The answer that I suggest is that he was very focused and was thinking really fast. I think he was primarily a mind-worker. Then he may have had a strong will, being able to take quick decisions and then write on paper a final result. Then, he never cared for second thoughts, improvements, etc. Never looking back - always looking ahead! Also, confidence: no doubts whatsoever about his works. And he was practical - he was doing 'functional' music, music meant to be liked by those particular Austrian (Czech, German) people. Also, always striving for the best (and the most) that can be done until lunchtime! :lol: That's how I think he did it. These are perfectly human qualities, and not even too hard to put in practice. Let's use them! 

It is true that those above do say nothing about why we like his music. But let's keep that for another discussion.

What can still be discussed on this topic is whether, at the moment of writing them down, those pieces were already finished in his mind. It is not reasonable to presume that he made sketches that were lost. I don't think he would have had time and patience to do too many sketches. Also, he was not the type of personality to care much for testing, experimenting, re-writting, etc. He was a DO-er. 

As a conclusion - I think he was a guy using his mind to a far bigger extent than most people do.That is my belief, and my explanation for his easiness to write music. So - Less sketches, less paper, more brain! Less computer, more brain! - That is my point. Let's make better use of what we have best! What we have best is not our computers, so why spending so much money and time on these stupid time-wasters? Indeed. I'm out! ~o) 

P.S. -
I believe that today, Mozart would have used a computer only to input the notes in a notation program while playing on a rig of keyboards, then to output the parts from the printer! And then - a lot of time for PARTYING! o/~ o-[][]-o o=<


----------



## Trev Parks (Oct 26, 2007)

VonRichter @ Fri Oct 26 said:


> Mozart's late works already start encroaching on "romantic" territory... interesting to ponder if he would have made a major stylistic upheaval and blown the lid right off the Classical era. It's entirely possible... Mozart's personality is very individualist, and his music steadily grew more so right until the end. Now we'll never know.

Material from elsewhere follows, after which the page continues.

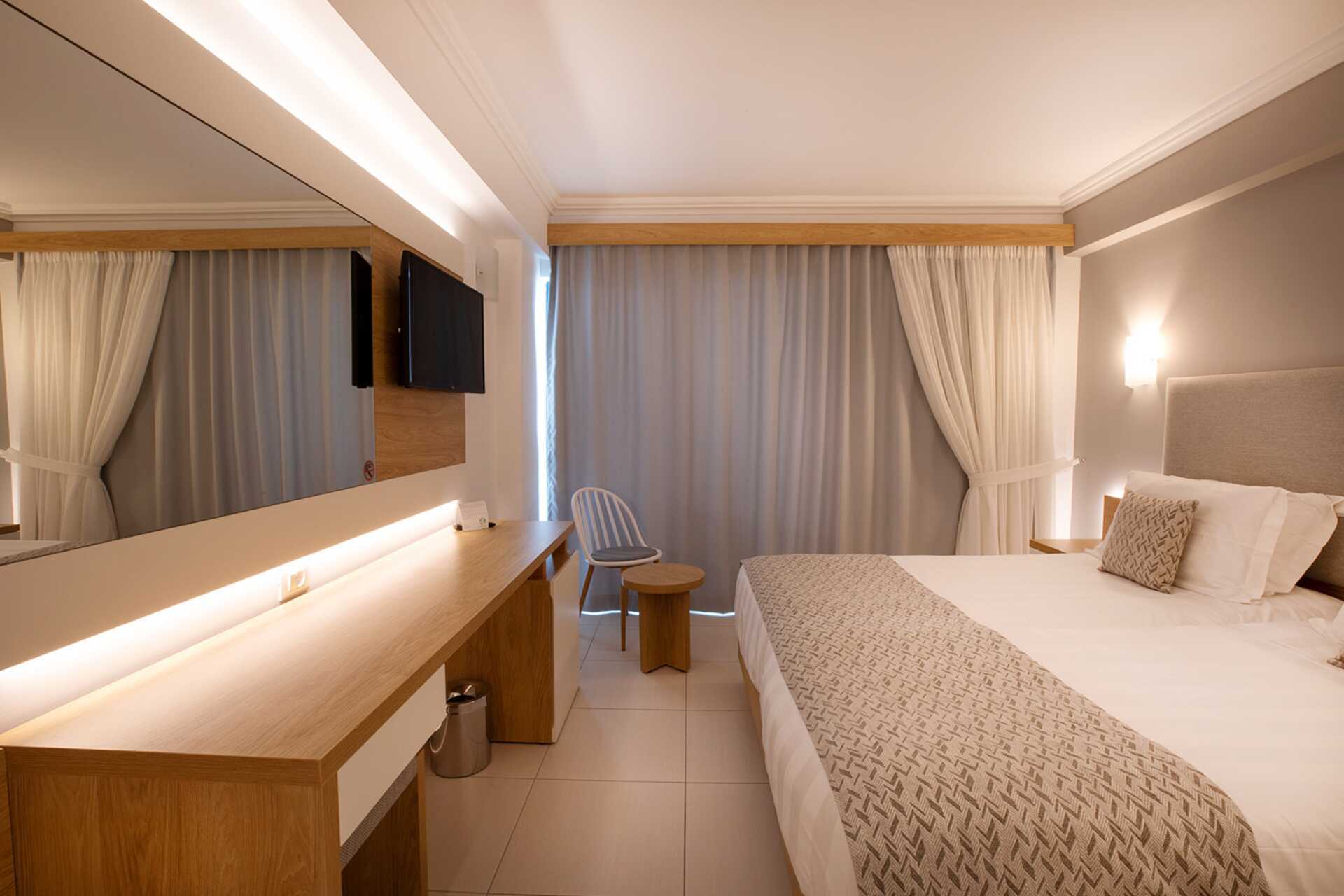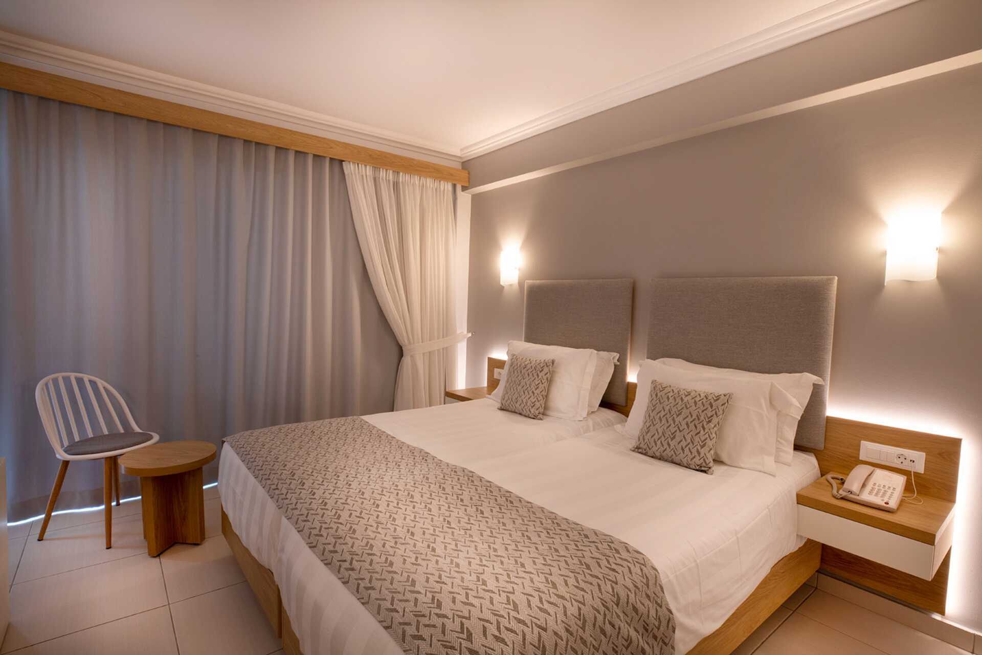 Dobbeltrom med balkong, noen med havutsikt eller begrenset havutsikt. En dobbeltseng eller to enkeltsenger. Wifi, luftkondisjonering og safe inkludert. Minibaren fylles opp ved ankomst, men fylles ikke på etter det. TV. Hårføner. Bad med dusj og wc. Rengjøring 6 ggr/uke.

That's something I've often wondered, given the young age he died. Would he have followed (the much older) Haydn and backed away after Beethoven started hammering his way through the doors?. I doubt it. I can't imagine he'd have followed the younger generation such as Ferdinand Ries or Hummel into the glitzier side of things either. 

A number of his later works have that sense of melancholy that is peculiarly his own so I suspect you're right about the possibility of a stylistic change. Perhaps rather than something blazing he'd have followed a path to an almost Schummanesque introvertion?. As you say, who knows?.


----------



## tradivoro (Oct 26, 2007)

These guys can write orchestral scores in mind and spit it out later... Trust me, these particular guys aren't just improvisers, they're great composers arrangers and musicians... They're just better known as improvisers... 



aeneas @ Thu Oct 25 said:


> Oh, improvising... I have great respect for those guys, they are all excelling as piano improvisers. I was talking about the ability to compose finished orchestral scores in mind, which I see as a different mental ability than improvising. From what I have observed, improvising relies a lot on combining learned patterns, technical abilities, and 'serendipity'. :wink:
> 
> ... and an uncluttered mind, which is the mark of truly great musicians. Yes, I agree, the type of musical wisdom of those guys is somewhat similar to what I was talking about - and Mozart was a great improviser too!


----------



## VonRichter (Oct 26, 2007)

aeneas @ Fri Oct 26 said:


> I would like to stay a bit on this topic of completing music in one's mind. Mozart was the absolute champion of that, I think we can all agree on that.



Actually, no we can't all agree on that because it is _incorrect_.

It is a gross generalization, irrationally presumptuous, and statistically impossible.

I've met plenty of people who work 100% in-brain, without any instrument reference _at all._ 

I myself work about 98% in-brain. I write my entire concert works in mind. _The entire piece from front to back._

Sorry if it rains on your parade, but I'm hardly unique in this regard.

It's not a big deal, dude.

Mozart's music is special & unique, but his _methods_ are not.


----------



## VonRichter (Oct 26, 2007)

aeneas @ Fri Oct 26 said:


> It is not reasonable to presume that he made sketches that were lost. I don't think he would have had time and patience to do too many sketches.



It's not a "presumption". You should hit the libraries and do the hard research yourself, but here's a relevant quote from wiki :
*
"Mozart worked very hard, a great deal of the time, and finished works where necessary at a tremendous pace. When composing he often made sketches and drafts, though (unlike Beethoven's sketches) these are mostly not preserved, Constanze having destroyed them after his death."*


Like all human composers, Mozart works out pieces in the brain. The sketches are simply reminders of ideas.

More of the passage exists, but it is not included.